<<<<

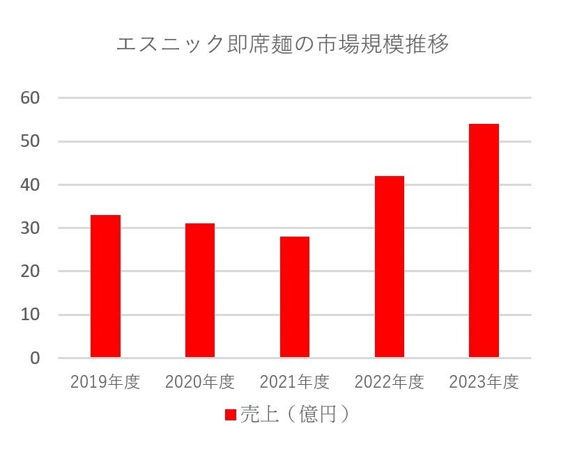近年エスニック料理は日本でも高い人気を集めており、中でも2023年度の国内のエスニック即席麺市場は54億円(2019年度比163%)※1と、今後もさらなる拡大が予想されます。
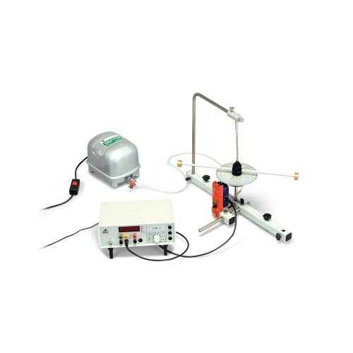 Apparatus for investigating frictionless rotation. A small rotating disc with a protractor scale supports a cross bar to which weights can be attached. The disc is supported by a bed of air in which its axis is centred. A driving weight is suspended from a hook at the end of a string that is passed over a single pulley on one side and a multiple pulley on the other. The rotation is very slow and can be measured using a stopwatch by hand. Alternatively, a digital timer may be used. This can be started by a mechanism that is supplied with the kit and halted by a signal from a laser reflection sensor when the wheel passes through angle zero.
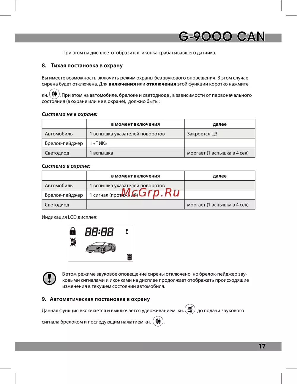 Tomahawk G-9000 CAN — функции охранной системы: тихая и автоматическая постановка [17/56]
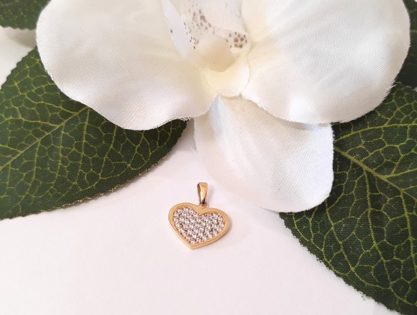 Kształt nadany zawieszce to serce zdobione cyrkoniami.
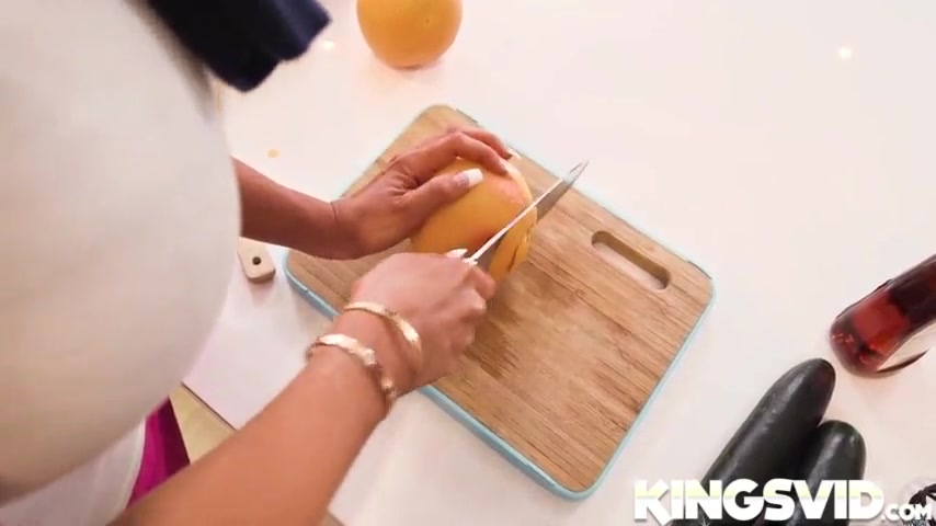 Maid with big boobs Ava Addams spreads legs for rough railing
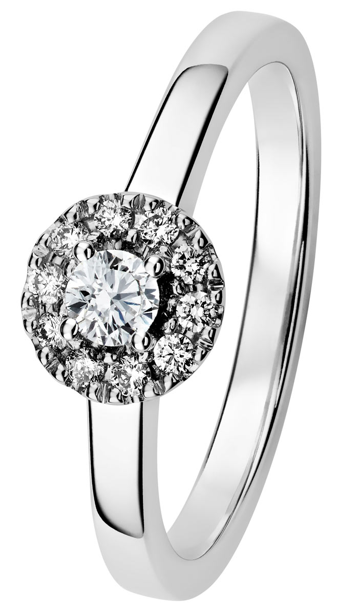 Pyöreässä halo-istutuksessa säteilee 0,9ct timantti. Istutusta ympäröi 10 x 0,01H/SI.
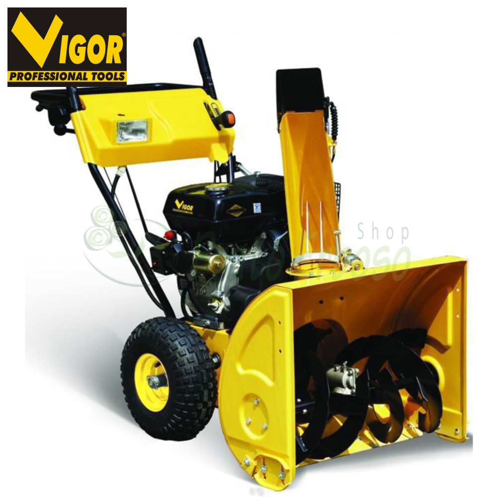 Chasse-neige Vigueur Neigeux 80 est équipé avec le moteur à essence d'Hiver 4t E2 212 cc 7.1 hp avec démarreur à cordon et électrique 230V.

>>>>

REQUIRED WORK
Here the lines from the one with "Kształt nadany zawieszce" through the last line of the data above need to be repeated exactly, both included, and any picture omitted.

OUTPUT BELOW
 Kształt nadany zawieszce to serce zdobione cyrkoniami.
 Maid with big boobs Ava Addams spreads legs for rough railing
 Pyöreässä halo-istutuksessa säteilee 0,9ct timantti. Istutusta ympäröi 10 x 0,01H/SI.
 Chasse-neige Vigueur Neigeux 80 est équipé avec le moteur à essence d'Hiver 4t E2 212 cc 7.1 hp avec démarreur à cordon et électrique 230V.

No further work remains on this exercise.